2. Column Standardization
Flexible mapping via first_match() identifies column variants (Latitude, lat, Y, etc.).
Taxon names were harmonized using standard taxonomic fields (taxon_std_norm).
Coordinates were converted to numeric form and filtered for validity.
3. Quantitative Normalization
Missing count_filled values were derived from count_estimate, max_n, or min_n.
Presence/absence values were inferred where necessary.
Rows with invalid coordinates were excluded to avoid spatial noise.
4. Derived Variables
New standardized fields were generated: Site, Plant, Latitude, Longitude, Context, Preservation, Reference, Quantity, and presence.
5. Analytical Layers
Abundance = sum of counts per plant taxon.

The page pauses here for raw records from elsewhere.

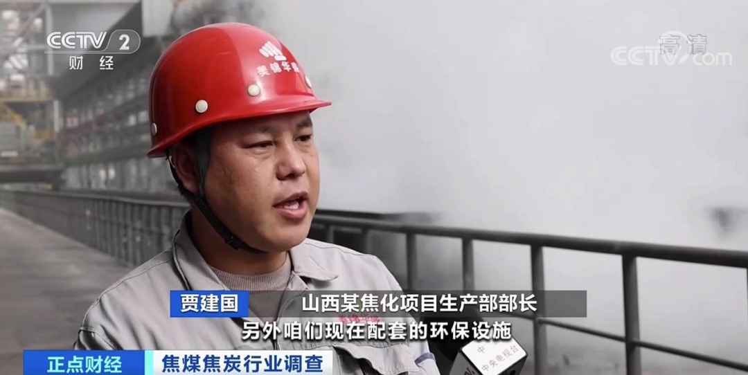 山西某焦化项目生产部部长 贾建国:现在10分钟出一孔焦,就40多吨,现场实际没有几个工人,这就是自动化程度的一个表现。另外现在配套的环保设施是比较齐全的,有地面除尘站,有脱硫脱硝,对颗粒物、二氧化硫和氮氧化物都进行了处理,都达到了国家规定的特别排放限值。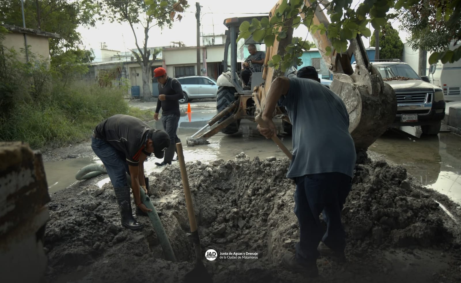 Matamoros, Tamaulipas-. Como parte de las acciones para proteger y preservar el recurso más valioso, el Gobierno de Matamoros que preside Beto Granados, a través de la Junta de Aguas y Drenaje (JAD), realizó la reparación de una fuga de agua potable en la calle Privada Halcones del fraccionamiento Las Águilas.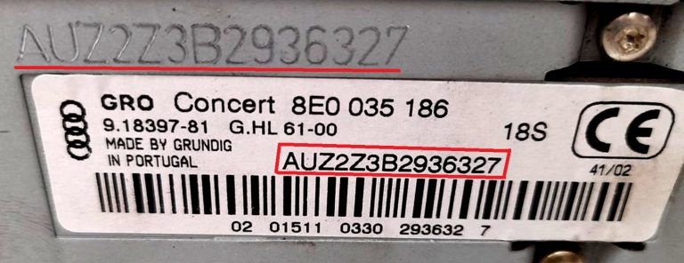 Het serienummer van uw Audi autoradio staat op een sticker aan de zijkant van de radio. Het begint met AUZ.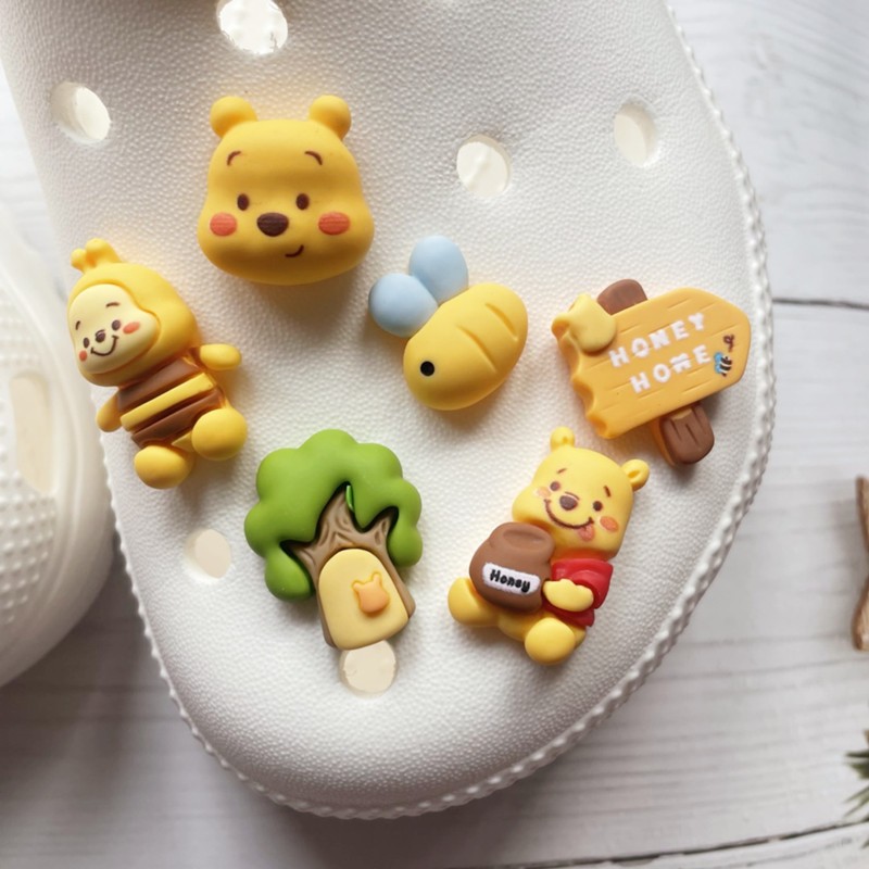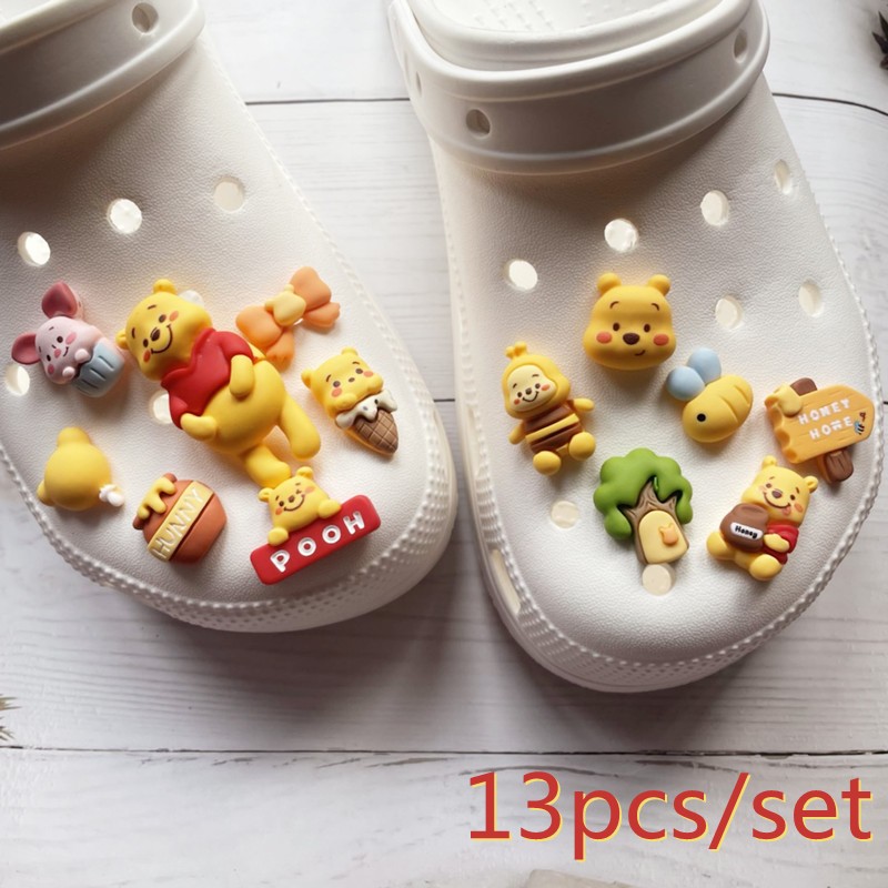 13 Unidades/Conjunto-13 Amuleto De Sapatos Com Botões De Ursinho De Pelúcia Amarelo
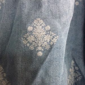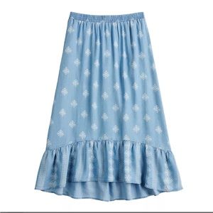 Skirt has elastic waist. It has pockets. Different print on bottom. High low cut. Could be a maxi/midi depending on height. Lauren lane x Sonoma.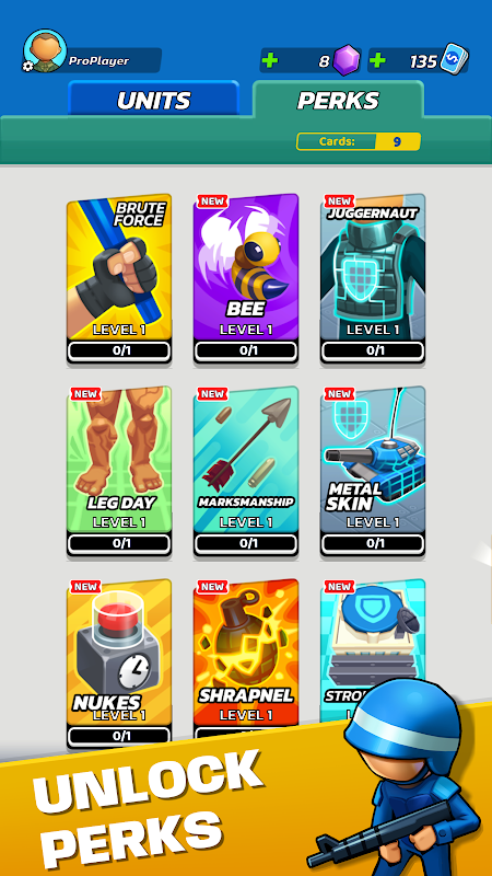 اپنی فوج کو بہتر بنائیں، طاقتور سپاہیوں اور مہارتوں کو غیر مقفل کریں، زیادہ سے زیادہ اثر کے لیے اپنی حکمت عملی تیار کریں۔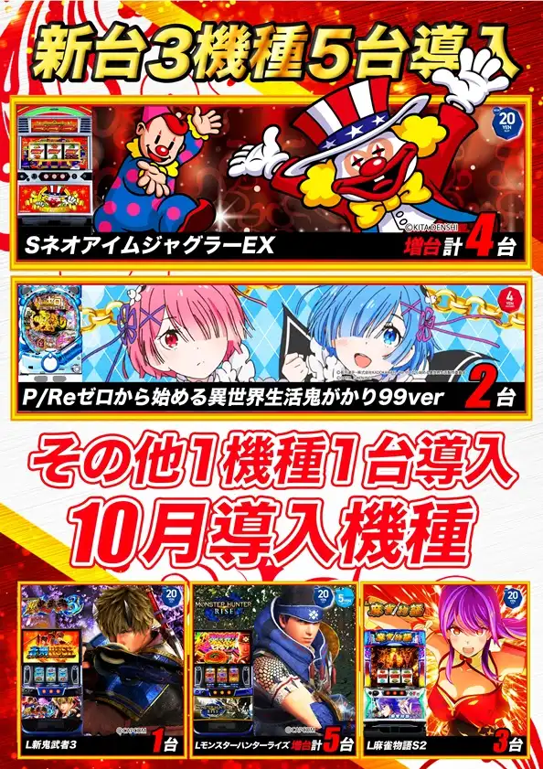 - [4]パチ:160台 [1]パチ:120台 [0.5]パチ:40台 [1000円/46枚]スロ:120台 [5.6]スロ:40台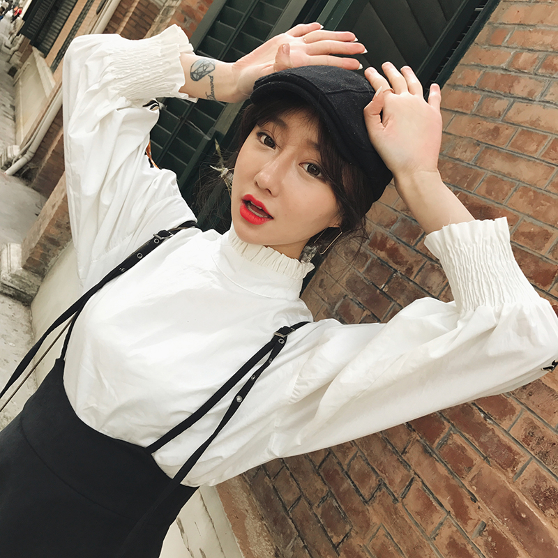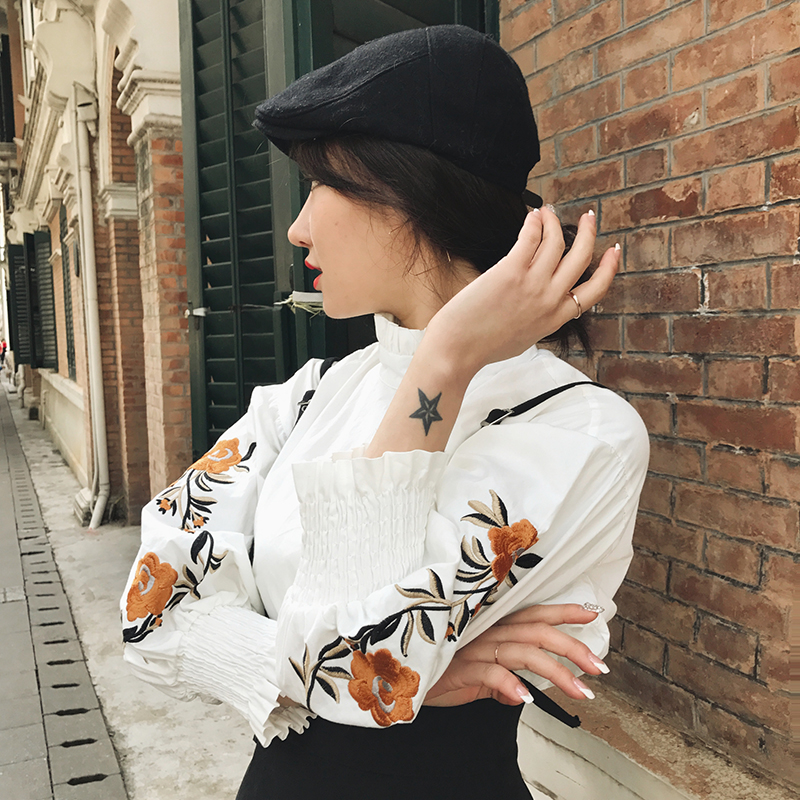學生百搭襯衣女秋裝新款韓版寬松刺繡燈籠袖上衣木耳邊立領白襯衫

Ubiquity = % of samples containing each taxon.
Co-occurrence = Jaccard similarity between taxa across samples.
| Library | Purpose |
|---|---|
| Streamlit | Provides the interactive web interface. |
| Pandas | Data cleaning, transformation, and analysis. |
| NumPy | Numerical and matrix computations. |
| Plotly Express / Graph Objects | Visualization of maps, charts, and heatmaps. |
| Kaleido | Exports charts as PNG images. |
| PyProj | Coordinate transformations for geographic consistency. |
| Polars | High-performance dataframe operations for large datasets. |
| Scikit-learn | Matrix-based statistical operations and similarity calculations. |
| Pathlib / io | File handling and in-memory buffering. |
- Python 3.13
- Streamlit 1.51.0
- Pandas 2.3.3
- NumPy 2.3.4
- Plotly 6.4.0
- Kaleido 1.2.0
- Scikit-learn 1.7.2
- PyProj 3.7.2
- Polars 1.35.2
- Map: Archaeobotanical sample locations across the Netherlands
- Charts: Top taxa by abundance and ubiquity
- Heatmap: Taxon co-occurrence matrix based on Jaccard similarity
This visualization was developed to support archaeobotanical research in the Lower Rhine Delta, part of the Roman frontier zone.
By offering intuitive access to large, complex datasets, it aims to:
- Facilitate pattern recognition across sites and periods
- Support teaching in digital archaeology and environmental data interpretation
- Promote transparency and reuse in archaeobotanical data management
- Serve as a reproducible model for similar digital heritage datasets
If you use this visualization or its methodology, please cite:
João Silva, ORCID 0009-0007-4716-3957. Archaeobotanical Data Visualizer (Python RADAR Visualization) – A FAIR Streamlit visualization for exploring plant macro-remain datasets. GitHub Repository. https://github.com/joaomessiah/python-radar-visualization
This project is distributed under the MIT License, allowing reuse and adaptation with attribution.
This project benefits from open archaeological datasets, the Streamlit open-source ecosystem, and the collective effort to make archaeobotanical data FAIR, transparent, and reusable.